# What to do
Without any images, write the data out exactly as it appears.

# Stored records
--- START ---

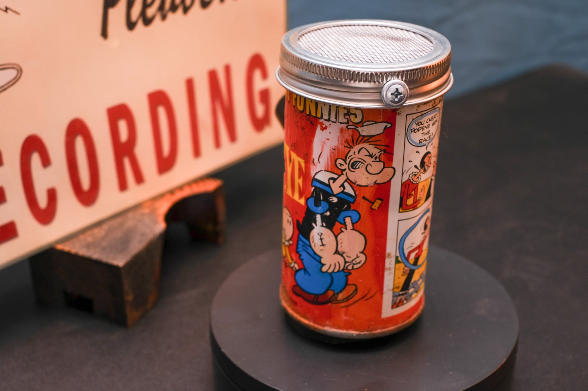 Lo Fi Soda Can Microphone - 1960s Cheater Comic Can Popeye
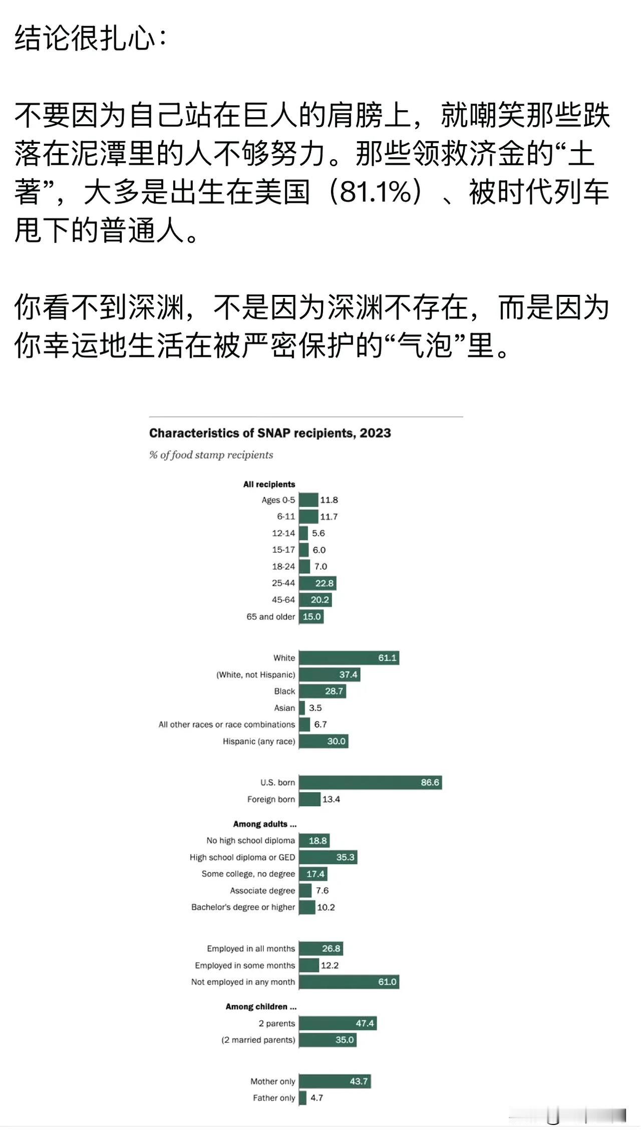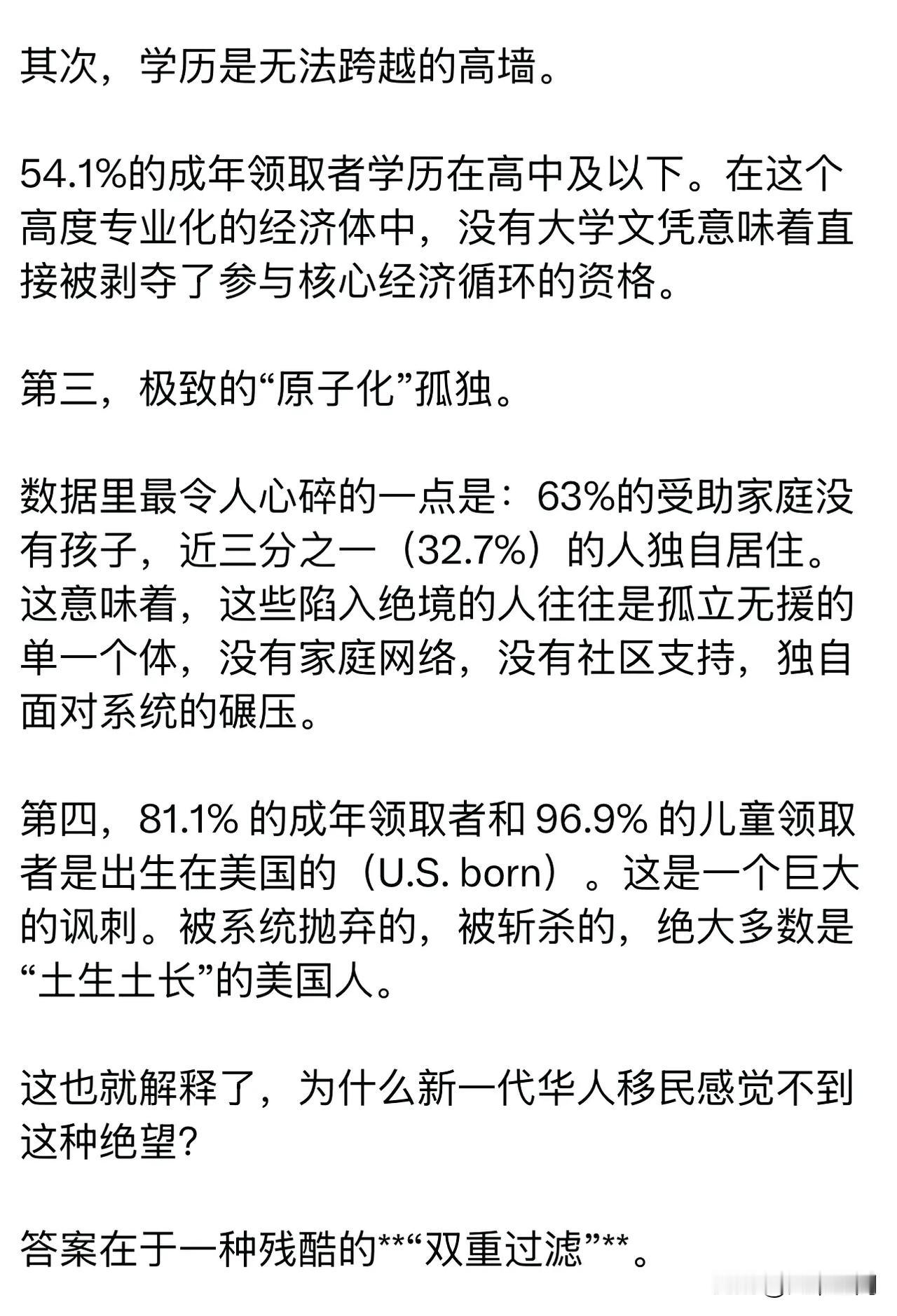 华人博主分析为什么美国华人感受不到斩杀线,实际领食品劵的华裔也不到2%,美国穷人大部分都是白人,美国三亿多人口,有4170万人看领食品劵度日,大部分都是土生土长的美国人! 这个华人博主分析华裔本来能移民进来的都是挑选过的,你要么有钱,要么有才,才能移民美国,而且你有钱或者有才,那你住的地方肯定是在富人区,所以看到被斩杀的流浪汉的几率是更少的,所以感受不到斩杀线!
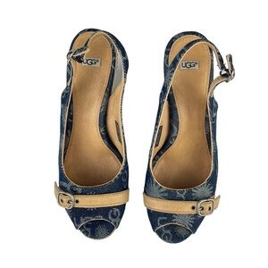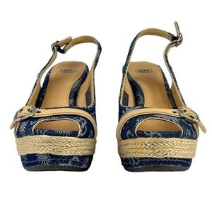 UGG NOELLA Y2K DENIM LOGO PEEP TOE SLINGBACK ESPADRILLE WEDGE HEELS
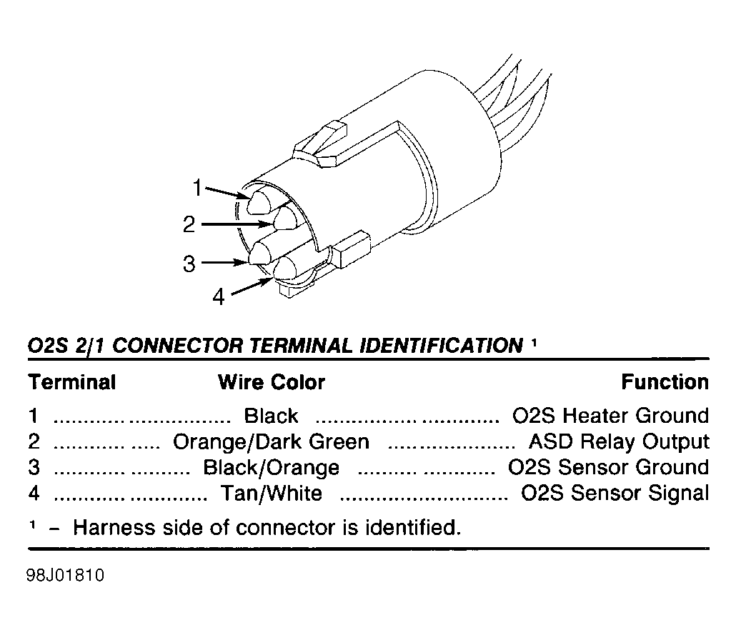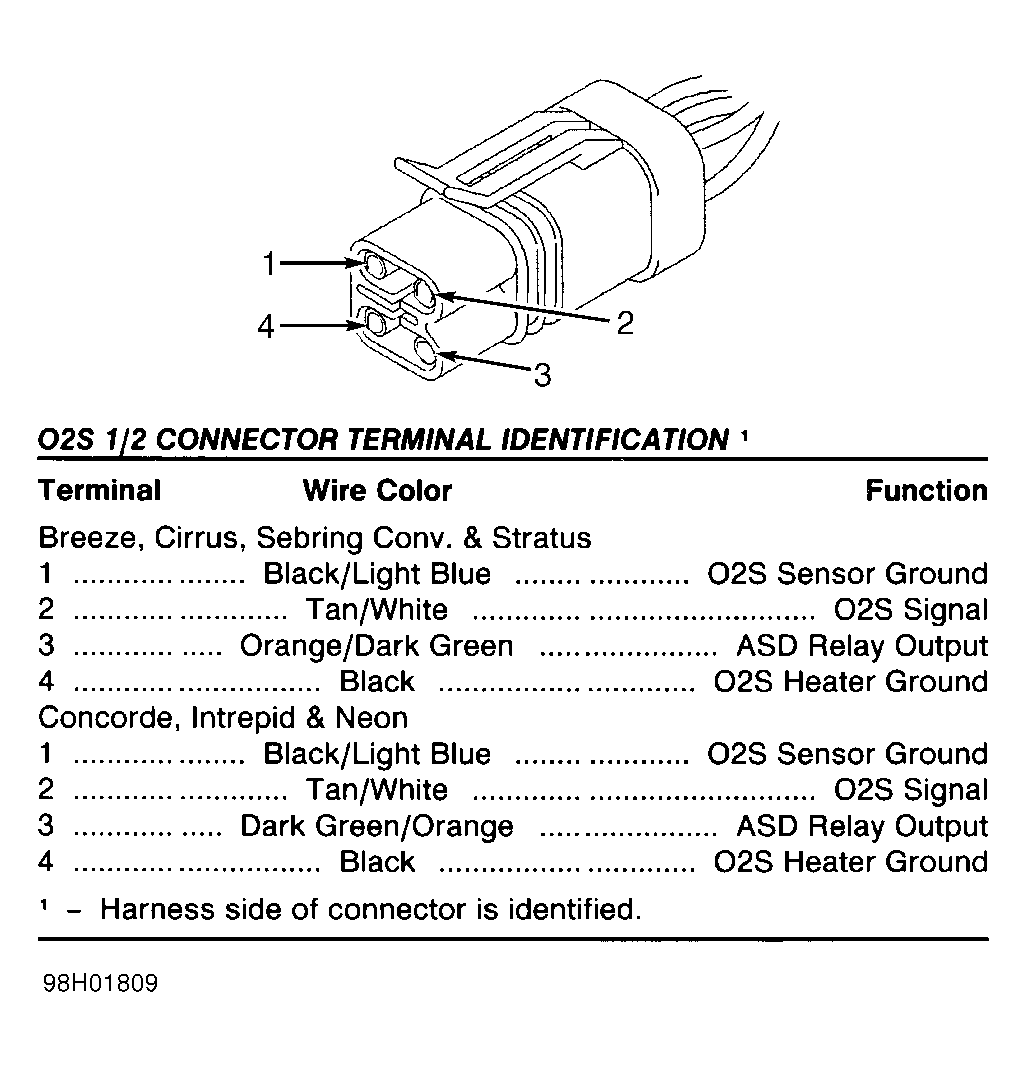 Courtesy of CHRYSLER CORP. O2S 1/2 CONNECTOR TERMINAL IDENTIFICATION
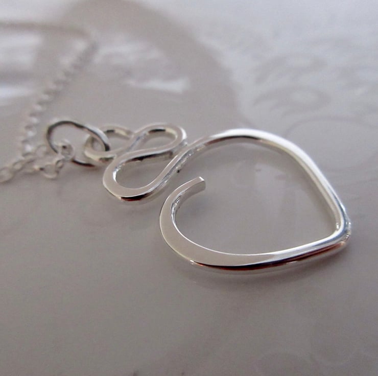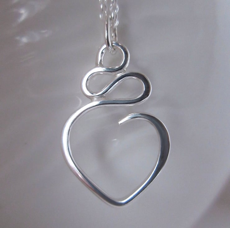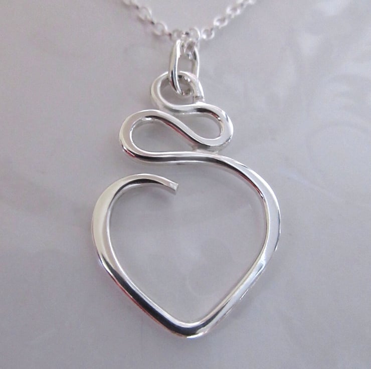 This playful squiggly heart pendant has been hand forged from a single piece of sterling silver, carefully shaped to form undulating curves before ending in an open heart form. A stylish, modern piece of jewellery for every day wear.

--- END ---

# Answer space
 Lo Fi Soda Can Microphone - 1960s Cheater Comic Can Popeye
 华人博主分析为什么美国华人感受不到斩杀线,实际领食品劵的华裔也不到2%,美国穷人大部分都是白人,美国三亿多人口,有4170万人看领食品劵度日,大部分都是土生土长的美国人! 这个华人博主分析华裔本来能移民进来的都是挑选过的,你要么有钱,要么有才,才能移民美国,而且你有钱或者有才,那你住的地方肯定是在富人区,所以看到被斩杀的流浪汉的几率是更少的,所以感受不到斩杀线!
 UGG NOELLA Y2K DENIM LOGO PEEP TOE SLINGBACK ESPADRILLE WEDGE HEELS
 Courtesy of CHRYSLER CORP. O2S 1/2 CONNECTOR TERMINAL IDENTIFICATION
 This playful squiggly heart pendant has been hand forged from a single piece of sterling silver, carefully shaped to form undulating curves before ending in an open heart form. A stylish, modern piece of jewellery for every day wear.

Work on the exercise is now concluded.